Павийский подъемный канал – довольно трудное название для иностранки, трудное и непонятное; ее итальянский, выученный в Сан-Франциско, штат Аризона (не надо путать с другим Сан-Франциско), конечно, не позволял ей понять, что канал называется «подъемным» из-за того, что суда по нему тянут канатом с берега, как бы «поднимают» против течения; впрочем, ее привлекла совсем не этимология, з исключительно удобное расположение канала – он пролегал между двумя дорогами, с одной стороны широкое асфальтированное шоссе (она твердо заучила, как оно обозначено на карте: «Государственная автострада № 35»), с другой – сохранившийся с давних пор уютный проселок без всякого асфальта – «Старая подъемная дорога». А между ними – канал, в котором вода в это время года прибывает, что тоже немаловажно. Вдобавок здесь нет никаких парапетов, ограждений, столбиков, так что ночью машина может свободно соскользнуть в воду, и ничто ее не остановит. Да-да, она только слегка подтолкнула «фиат» – Бог его знает, какая это модель! – и все было кончено за несколько секунд, точь-в-точь, как она рассчитала: передние колеса нарочно вывернула немного вправо, по направлению к воде, мотор, естественно, не выключила – понадобилось лишь чуть-чуть подтолкнуть сзади машину, где развалились те двое, разморенные от курицы с грибами, горгонцолы, печеных яблок с сабайоном и черной самбуки (за все расплатилась она), наверняка державшие ее за дурочку, под стать папаше, придурку из придурков; словом, машина с Аделью Сучкой, или Аделью Надеждой, и ее сожителем на диво легко съехала в полноводный канал, всплеск послышался в точно рассчитанное мгновение, то есть когда на большом шоссе не было ни единого автомобиля и темень стояла почти полная, только вдали, очень-очень далеко, светились фары. Струя воды обдала всю голову, сигарета, правда, не потухла, потом вторая струя, будто из насоса, ударила в грудь; кто бы мог подумать, что машина, свалившись в воду, вызовет такой каскад; сигарета в конце концов намокла, и пришлось долго отплевываться от месива папиросной бумаги и мокрого разбухшего табака; она чувствовала, как волосы, пахнущие зловонными водами Павийского подъемного канала, облепили лицо, и ждала, пока на поверхности появятся пузырьки воздуха.

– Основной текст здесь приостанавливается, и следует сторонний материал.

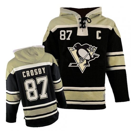 Youth Old Time Hockey Pittsburgh Penguins #87 Sidney Crosby Authentic Black Sawyer Hooded Sweatshirt NHL Jersey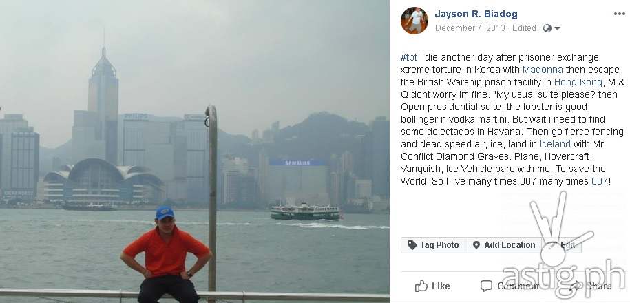 #TBT I die another day after prisoner exchange xtreme torture in Korea with Madonna then escape the British Warship prison facility in Hong Kong, M & Q dont worry im fine. "My usual suite please? then Open presidential suite, the lobster is good, bollinger n vodka martini.

Так она стояла и ждала на темной дороге по эту сторону канала; шоссе на той стороне тоже было погружено во мрак, лишь изредка черный бархат ночи стрелами пронизывал свет фар, в эту пору миланцы возвращались... нет, не с пляжа, в будни в Санта-Маргариту не поедешь, работать надо, а те, у кого работы нет, гоняются за теми, у кого она есть; однако теплыми весенними вечерами после работы миланцы едут ужинать в пригородные траттории: благонамеренные граждане оседают где-нибудь на улице Кьеза Росса или, на худой конец, в «Лягушачьем тупике», а искатели приключений устремляются в Бинаско или даже в Павию, где выискивают шикарные заведения в стиле «country» и заказывают себе блюда и вина, кажущиеся им и впрямь крестьянскими; к ночи, на тихом ходу – благо машин нет ни спереди, ни сзади – возвращаются домой, в Милан; так вот, пока она ждала, не появятся ли на поверхности воды пузырьки, свет, временами вспыхивавший на шоссе, шел от машин тех самых неугомонных миланцев.

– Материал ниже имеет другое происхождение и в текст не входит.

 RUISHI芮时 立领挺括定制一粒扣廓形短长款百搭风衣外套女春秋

А пузырьки так и не появились: окна в машине были открыты, спереди во всяком случае, потому она мгновенно заполнилась водой и наступила полная тишина; и все же надо еще подождать – а что, если по этой старой дороге промчится какая-нибудь «веспа»[1] с голоштанной парочкой, ищущей прибежища на пустынном берегу канала, или пьяный мотоциклист, возвращающийся в свою берлогу, или колымага, битком набитая юнцами из близлежащих деревень и с ферм, отправляющимися за девчонками в близлежащие деревни и на фермы, что, как правило, приводит к затяжным, но в общем бескровным баталиям между деревнями Ассаго, Роццано, Бинаско, Казариле, – нет, надо подождать несколько минут: вдруг один из тех двоих выберется из машины через открытое окно; и она ждала, глядела в воду с замирающим от страха сердцем: вот-вот оттуда покажется одна, а может, две головы, вот-вот они вынырнут из воды, чудом воскресшие, орущие.
Фары с противоположной стороны канала на миг ослепили ее, будто на сцене; как при вспышке молнии, она подумала: если б те двое в это мгновение появились из воды, можно было бы протянуть руку, вытащить их и сказать, что она даже не знает, как все это вышло, ведь они наверняка не заметили, что она подтолкнула машину, а вдруг заметили?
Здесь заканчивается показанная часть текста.